VTEX scales to 150 million metrics using Amazon Managed Service for Prometheus

VTEX is a multi-tenant platform with a distributed engineering operation. Observing hundreds of services in real time in an efficient manner is a technical challenge for the business. In this blog, we will show how VTEX created a resilient open source-based architecture aligned with a sharding strategy, using Amazon Managed Service for Prometheus (AMP) to ingest and store metrics. This solution increased the visibility of engineering teams, reduced the average incident resolution time, and made the investment in cloud infrastructure needed to implement observability within VTEX more efficient, reaching ~41% of reduction on investments in observability.

Introduction

VTEX started its operation in 2000 as a B2B software focused on the textile sector. Since then, there have been several changes that have influenced the company’s culture. Starting in 2007, VTEX entered the e-commerce market, resulting in the VTEX product that we know today. Along the way, there were several evolutions to achieve an increasingly efficient, resilient, and innovative product for the customer. As VTEX grew, it moved from monolithic to microservices, as it migrated its computing model from data centers to the cloud, boosting efficiency and scalability. Today, VTEX is a global company with more than 3,400 active customers over 38 countries that trust VTEX to accelerate and transform their retail businesses.

Problem

Since VTEX is a global company with hundreds of services, it has invested in monitoring and observability to detect application errors, bottlenecks, and anomalous behaviors that may indicate fraud, among other things. For many years, the company used a single software vendor to provide observability. It has served its purpose over the years, however, due to the market momentum experienced by VTEX and its constant engineering innovation, this centralized observability model no longer made sense for the company.

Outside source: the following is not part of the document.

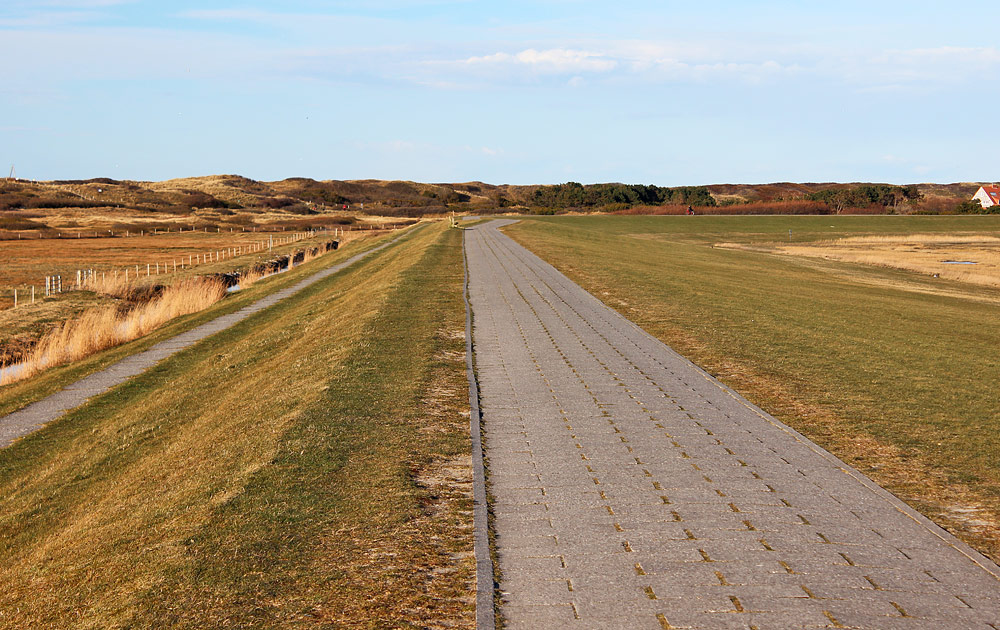Unser Weg zurück in Richtung Inseldorf führt uns über den Westgrodendeich. Links ist noch der alte Deichkronenweg erkennbar, er ist heute ein Fußweg.

When this centralized tool experienced failures due to unavailability or delayed telemetry ingestion, the VTEX engineering team was consequently left without visibility of its metrics, logs, and application traces. This had a direct impact on the efficiency of VTEX’s incident recovery time. In addition, these telemetry signals (logs, metrics, and tracks), individually, require different configurations. A centralized tool cannot be the best tool for all telemetry signals. Therefore, it’s not logically efficient to rely on a single tool for all of these types of data.

In addition, the lack of control made the cost of this tool unpredictable. Imagine that any major sales event, such as Black Friday, in any country can make the VTEX platform scale. As the systems scale, the volume of telemetry increases linearly with the number of resources being monitored. The consequence was a cost disproportionate to the investment made in the tool. In this blog, we will discuss how VTEX looked at available solutions to help it scale its metrics pipeline.

Options

To solve the issues mentioned in the previous section, VTEX considered three community solutions and one managed by AWS: Cortex, VictoriaMetrics, TimescaleDB, and Amazon Managed Service for Prometheus.

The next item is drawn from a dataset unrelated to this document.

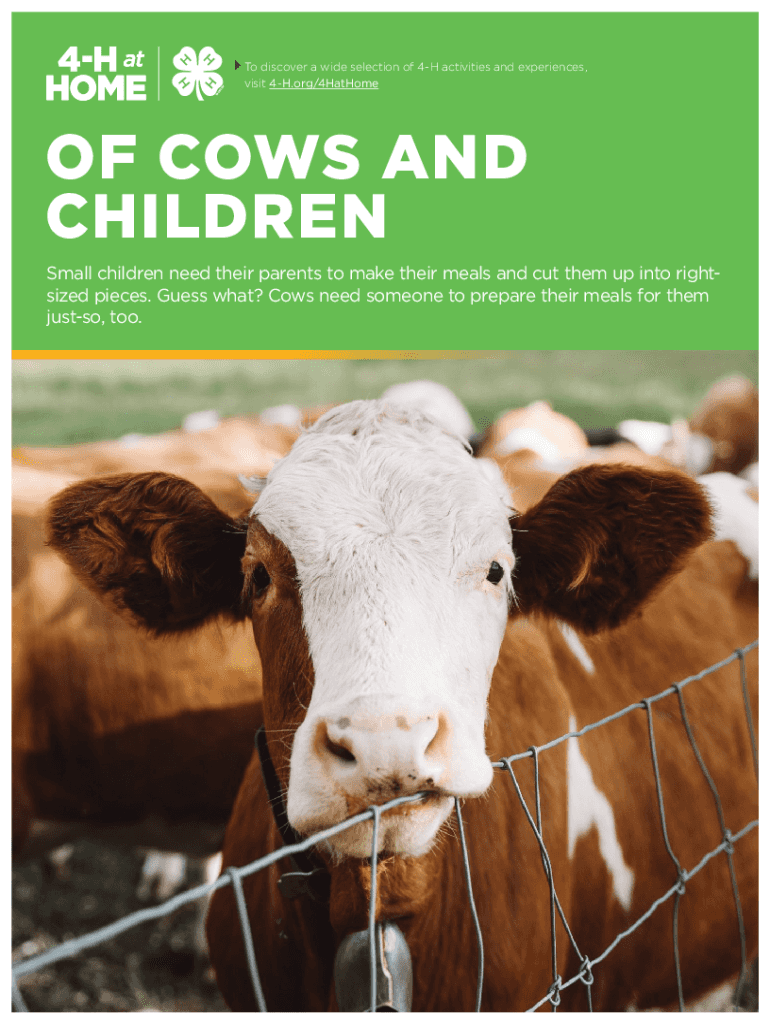 O discover a wide selection of 4H activities and experiences, T visit 4H.org/4HatHomeOF COWS AND CHILDREN Small children need their parents to make their meals and cut them up into rightsized pieces.

Cortex continued to be an attractive option due to its maturity level as an open-source CNCF project and its features for using Prometheus at scale, such as remote write/read, PromQL, recording rules and Alertmanager support. In addition, its integration with Prometheus would allow VTEX to easily monitor its systems and receive alerts in case of problems. There is another factor in the balance, which is to already have an infrastructure running with Cortex internally. At the end of the day, VTEX could assess whether the engineering investment could mitigate the problems found and avoid going to a new tool.

VictoriaMetrics is a popular alternative to Cortex, with advantages that include high scalability, support for different data formats, high performance, high availability support, and low resource consumption. However, there are some drawbacks to consider, such as limited compatibility with other solutions and lower adoption. It uses its own custom database engine. It is a high-performance, column-oriented time series database designed to handle large volumes of data with high ingestion rates and query performance. The database engine is optimized for efficient compression and provides a number of advanced features, such as fast indexing, data retention policies, data replication, and high availability.

TimescaleDB is a relational time series database integrated with PostgreSQL. It is scalable, resilient, and can support complex SQL queries. TimescaleDB is well suited for high-volume data environments where real-time and historical data analysis is required. One of the main advantages of TimescaleDB is that it allows users to use standard SQL to perform queries on their time series data.

Why Amazon Managed Service for Prometheus?

Amazon Managed Service for Prometheus is an efficient solution for monitoring and alerting systems, applications, and services. Here are the reasons VTEX chose AMP for its monitoring solution:

Integration with AWS: Because the solution is integrated with the AWS platform, it can ingest metrics from native AWS services and resources, which can help simplify the configuration and collection of monitoring data.
Scalability: AMP is highly scalable and can handle large volumes of real-time metric data, which is important for cloud environments with a lot of resources and services running.
Flexibility: Prometheus is highly flexible through its Long-Term Storage (LTS) compatible with the Prometheus time series bank, which makes it integrable with tools such as Grafana.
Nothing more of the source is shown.